1.4 A.1.4 Demonstration of Equation (1.59)

Defining the variable x as

$$\displaystyle{ x =\ln \left ( \frac{r} {r_{c}}\right ), }$$

(1.115)

we have

$$\displaystyle{ \frac{dx} {dr} = \frac{1} {r} }$$

(1.116)

and the first member of equation (1.55) writes as

$$\displaystyle{ \frac{d} {dr}\left (r\;\frac{dV } {dr} \right ) =\; \frac{1} {r}\;\frac{d^{2}V } {dx^{2}}. }$$

(1.117)

Using now the variable β ² defined by equation (1.58), equation (1.55) takes the form

$$\displaystyle{ \frac{d^{2}V } {dx^{2}} = \frac{4} {9}\;\frac{V } {\beta ^{2}}. }$$

(1.118)

Differentiating \(\ln \beta ^{2}\), we obtain

$$\displaystyle{ \frac{d} {dx}\left (\ln \beta ^{2}\right ) = \frac{3} {2}\; \frac{1} {V }\;\frac{dV } {dx} \; - 1 }$$

(1.119)

and therefore

$$\displaystyle{ \frac{dV } {dx} = \frac{2} {3}\;V \left (1 + \frac{2} {\beta } \; \frac{d\beta } {dx}\right ). }$$

(1.120)

Differentiating again with respect to x, and using equation (1.120) to eliminate dV∕dx, we obtain the following equation

$$\displaystyle{ \frac{d^{2}V } {dx^{2}} = \frac{4} {9}\;V \left (1 + \frac{4} {\beta } \; \frac{d\beta } {dx}\; + \frac{1} {\beta ^{2}} \left ( \frac{d\beta } {dx}\right )^{\!\!2} + \frac{3} {\beta } \; \frac{d^{2}\beta } {dx^{2}}\right ) }$$

(1.121)

and substituting it in equation (1.118), we obtain at the end equation (1.59)

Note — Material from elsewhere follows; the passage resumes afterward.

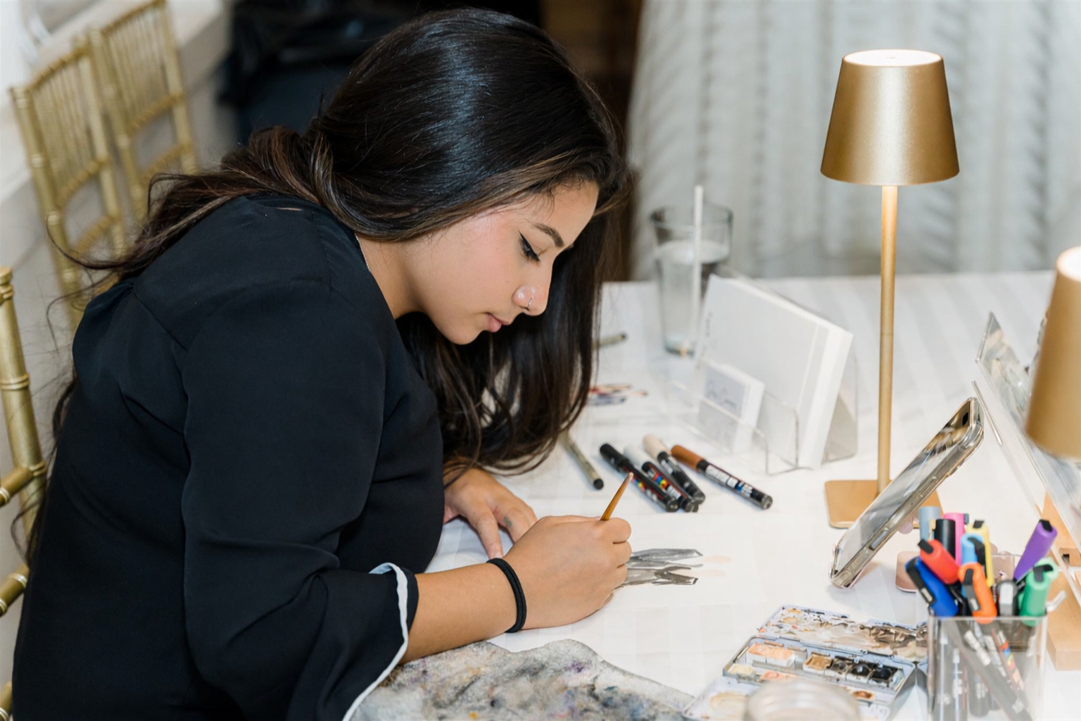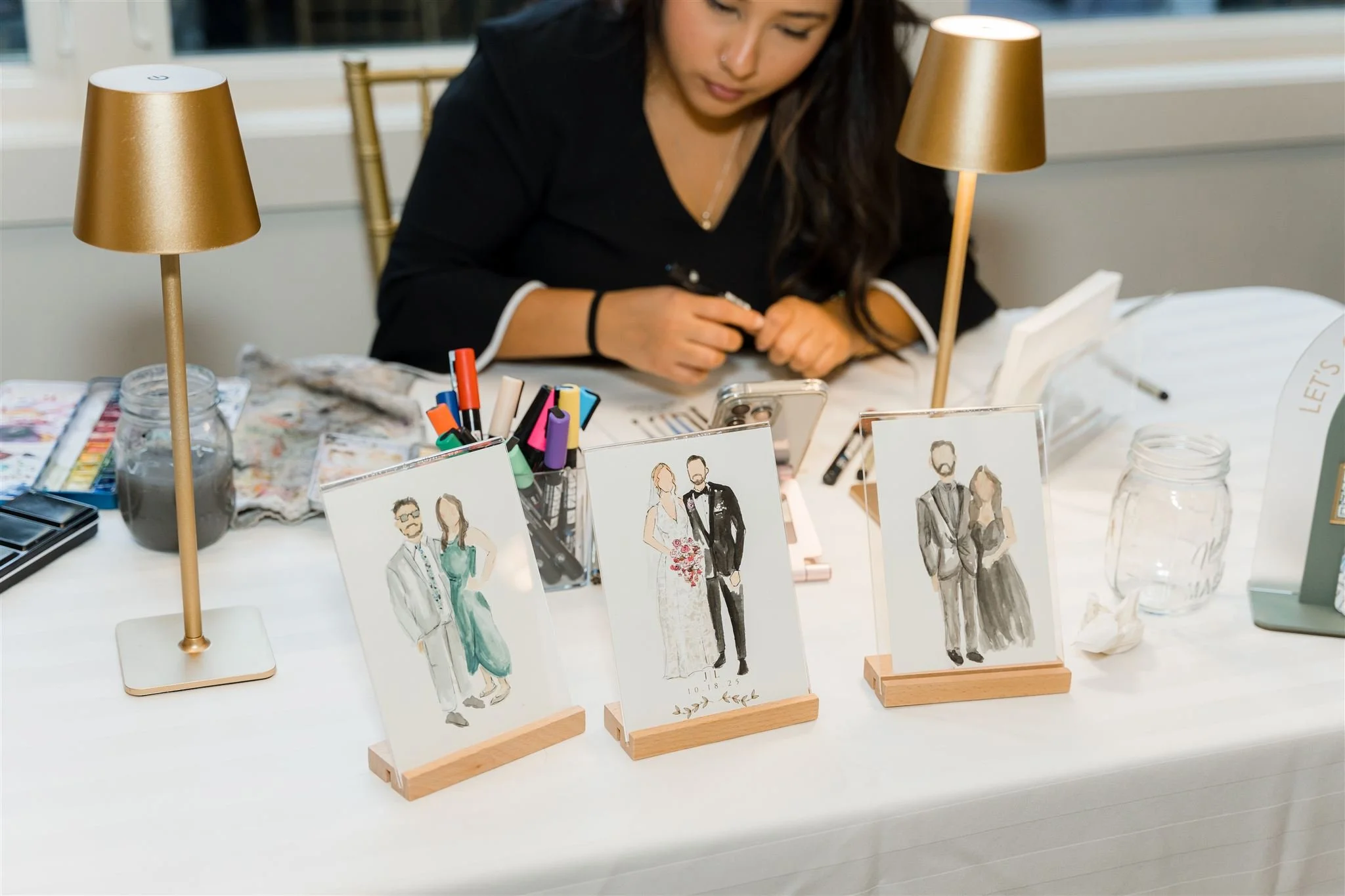 Jess Campos is a classically trained artist who specializes in live watercolor portraits. With a passion for blending artistry and connection, Jess creates personalized, hand crafted portraits that guests will treasure forever.

$$\displaystyle{ 1 =\beta ^{2} +\; 4\beta \; \frac{d\beta } {dx}\; + \left ( \frac{d\beta } {dx}\right )^{\!\!2} +\; 3\beta \; \frac{d^{2}\beta } {dx^{2}}. }$$

(1.122)

Exercises

Exercise 1.1.

An electrical potential difference V is applied to a plane parallel gap of width 2d which contains a constant uniformly distributed space-charge of density ρ between the plane x = 0 and a plane at distance d from it, while the remaining space is entirely free of space-charge (see Fig. 1.15). Determine the expressions for the potential and the electric field in the gap of width 2d (von Engel 1965).

Fig. 1.15

Plane parallel electrodes limiting a gap with positive ions of density ρ uniformly distributed in one-half of the interspace (von Engel 1965)

Resolution:

Assuming \(\mathbf{E} = -\;E\;\mathbf{e_{x}}\), the Poisson’s equation writes \(dE/dx = -\rho /\epsilon _{0}\), so that we obtain at the regions 0 < x < d and d < x < 2d, respectively,

$$\displaystyle\begin{array}{rcl} & & E_{1}(x) = -\;\frac{\rho } {\epsilon _{0}}\;x\; +\; C_{1} {}\\ & & E_{2}(x) = C_{2}, {}\\ \end{array}$$

while for the electric potential, we obtain from \(E = dV/dx\)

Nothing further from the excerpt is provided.